Bank Sentral Cina Memulai Uji Coba untuk Membatasi Transaksi Tunai Berjumlah Besar

Bank Rakyat China (PBOC) mengumumkan bahwa mereka akan mengujicobakan pembatasan transaksi tunai skala besar di tiga wilayah berbeda di seluruh negeri, dengan seorang pakar menyebut langkah itu membuka jalan bagi digital Renminbi token (RMB) yang akan datang.

Pada 14 November, PBOC bermaksud untuk melakukan uji coba manajemen uang berskala besar yang akan berlangsung selama 2 tahun dan akan dilaksanakan secara bertahap di Provinsi Hebei, Provinsi Zhejiang dan Kota Shenzhen.

PBOC menjelaskan bahwa transaksi tunai besar memfasilitasi kegiatan kriminal ilegal yang mencakup korupsi, penggelapan pajak, dan pencucian uang.

Bank Rakyat akan membatasi setoran / penarikan uang tunai dalam jumlah besar untuk akun bisnis mulai dari 500.000 yuan ($ 71.000) dan lebih tinggi, sementara pembatasan akun pribadi akan berkisar dari 100.000 yuan ($ 14.000) hingga 300.000 yuan ($ 43.000), tergantung provinsi.

PBOC juga akan memperketat kontrolnya atas transaksi tunai bernilai besar untuk sektor industri tertentu. Ini akan melihat lebih dekat pada industri real estat di Kota Xingtai, catatan industri medis Kota Qinhuangdao, penarikan tunai skala besar, dan industri penjualan mobil di Provinsi Zhejiang. Staf PBOC dilaporkan mengatakan:

“Di bawah persyaratan manajemen kas skala besar, bank perlu memperdalam pemahaman mereka tentang pelanggan saat ini, memperkuat peringatan risiko dan komunikasi informasi untuk pelanggan yang cenderung menghasilkan transaksi tunai besar, dan membimbing mereka untuk menggunakan alat pembayaran non-tunai.”

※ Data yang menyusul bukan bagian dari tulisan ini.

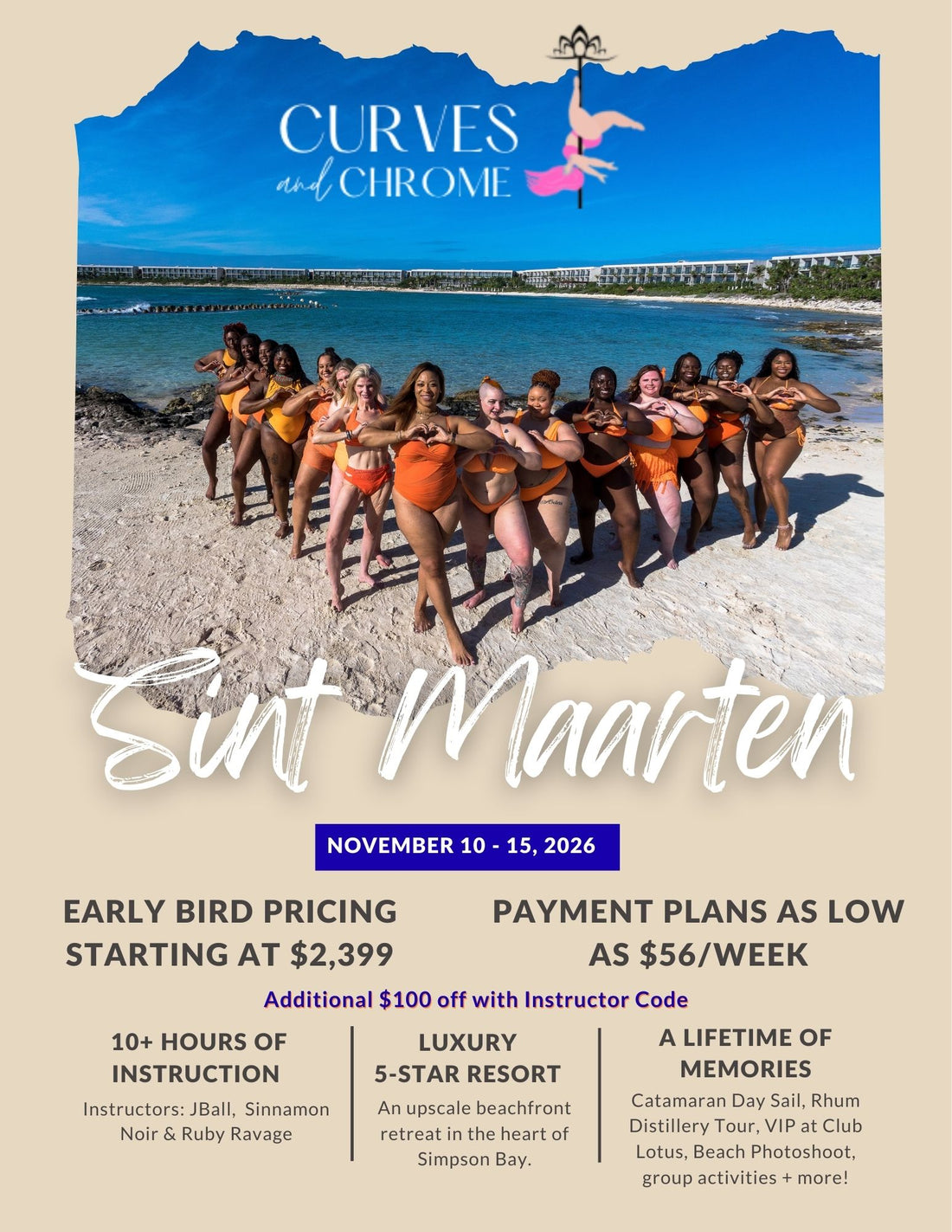 Each retreat features top-tier instruction from celebrated pole dancers and movement artists who look like us and understand the unique journey of dancing in our bodies. Beyond the studio, we cultivate real community through shared adventures, cultural exploration, and moments that become lifelong memories.

Menurut Dovey Wan, mitra pendiri di perusahaan pemilik aset kripto global Primitive Ventures, pengenalan pilot pembatasan membuka jalan bagi digital Renminbi token (RMB) yang akan datang.

Meskipun detail mata uang digital ini tidak diketahui secara resmi, namun pasti tidak akan terdesentralisasi seperti Bitcoin (BTC) karena akan dikeluarkan oleh bank sentral. CEO Binance Changpeng Zhao, lebih dikenal sebagai CZ, yang berbicara di BlockShow Asia 2019, meramalkan bahwa RMB digital akan didasarkan pada blockchain. Dia menjelaskan alasannya:

“Pemerintah Cina ingin mendorong pengaruh RMB secara global. Mereka ingin RMB bersaing dengan dolar AS. Untuk melakukan itu mereka benar-benar perlu mendorong mata uang ini untuk memiliki lebih banyak kebebasan. ”

Dalam upaya untuk memadamkan desas-desus yang bertentangan, seorang pejabat senior dari People’s Bank of China mengatakan bahwa China tidak meluncurkan perang melawan uang tunai dengan memperkenalkan mata uang digitalnya sendiri. Mu Changchun, kepala lembaga penelitian mata uang digital di PBOC, menegaskan bahwa Beijing bermaksud untuk mata uang baru untuk melengkapi uang kertas yuan.